Extra Seminar Computer Science
When: | Mo 14-01-2019 09:00 - 10:00 |
Where: | 5161.0041B Bernoulliborg |
Title:
The Relevance of Application Domains in Empirical Findings
ABSTRACT
Research on empirical software engineering has increasingly used
data from online repositories or collective efforts. The latest trends
for researchers is to gather as much data as possible to (i) prevent
bias in the representation of a small sample, (ii) work with a sample
as close as the population itself, and (iii) showcase the performance
of existing or new tools in treating vast amount of data.
The effects of harvesting enormous amounts of data have been
only marginally considered so far: data could be corrupted; reposi-
tories could be forked; and developer identities could be duplicated.

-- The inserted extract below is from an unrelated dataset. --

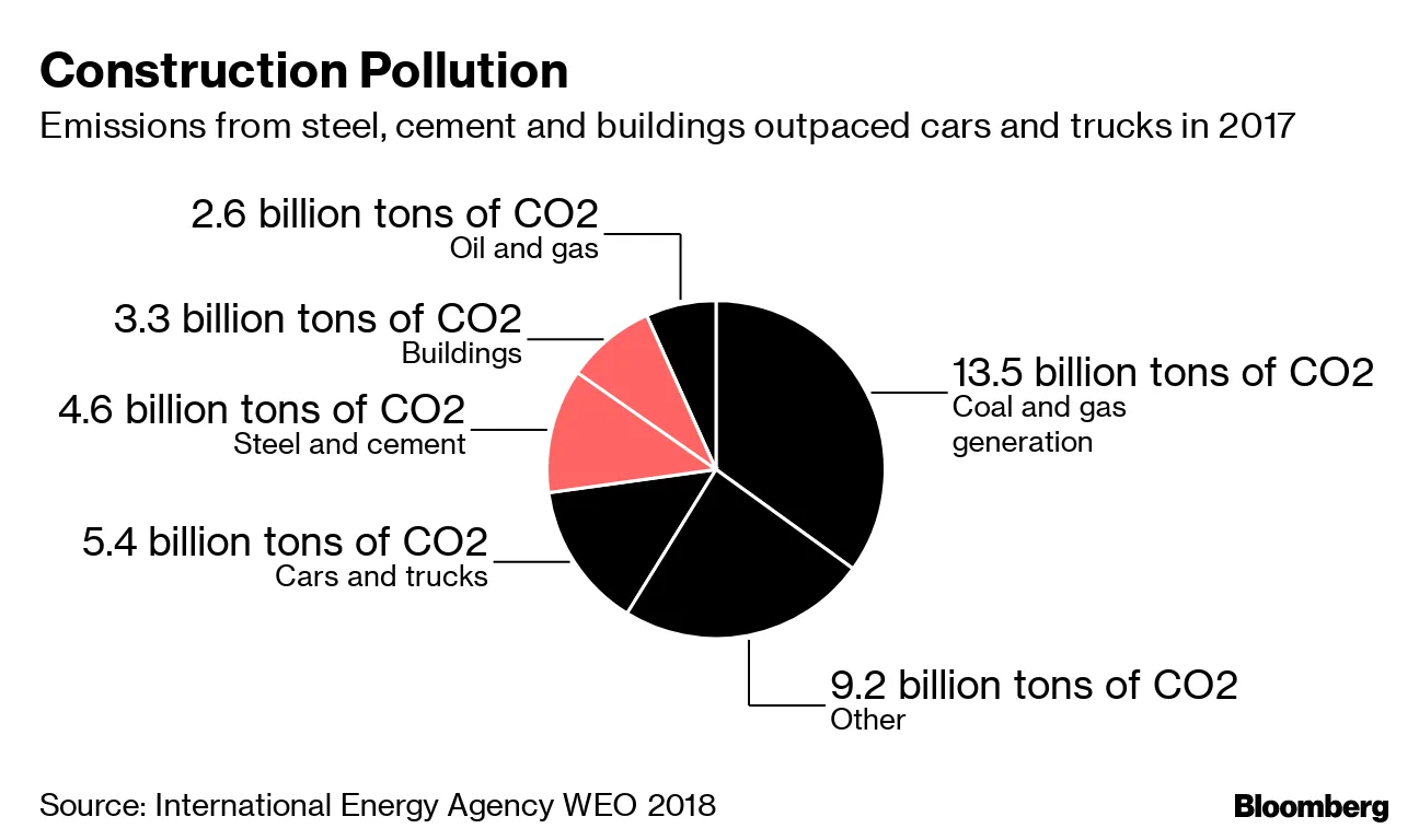 **建筑是主要的污染源。**像伦敦的碎片大厦和纽约的自由塔这样的建筑不仅消耗大量能源,而且制造这些建筑所用的材料会产生大量二氧化碳。根据C40报告,建筑业负责11%的全球碳排放,政策制定者正在关注这一问题。这促使像蒂森克虏伯和拉法基霍尔西姆这样的钢铁制造商和水泥供应商寻找更环保的替代方案。

In this paper we posit that there is a fundamental flaw in harvesting
large amounts of data, and when generalising the conclusions: the
application domain, or context, of the analysed systems must be
the primary factor for the cluster sampling of FOSS projects.
In this talk we analyse a sample of software systems, and using
an existing approach based on Latent Dirichlet Allocation (LDA), we
derive their application domains. We extract a suite structural OO
metrics from each project, and cluster projects by domains: we show
that most of the chosen metrics come from different populations,
and are based on the application domains.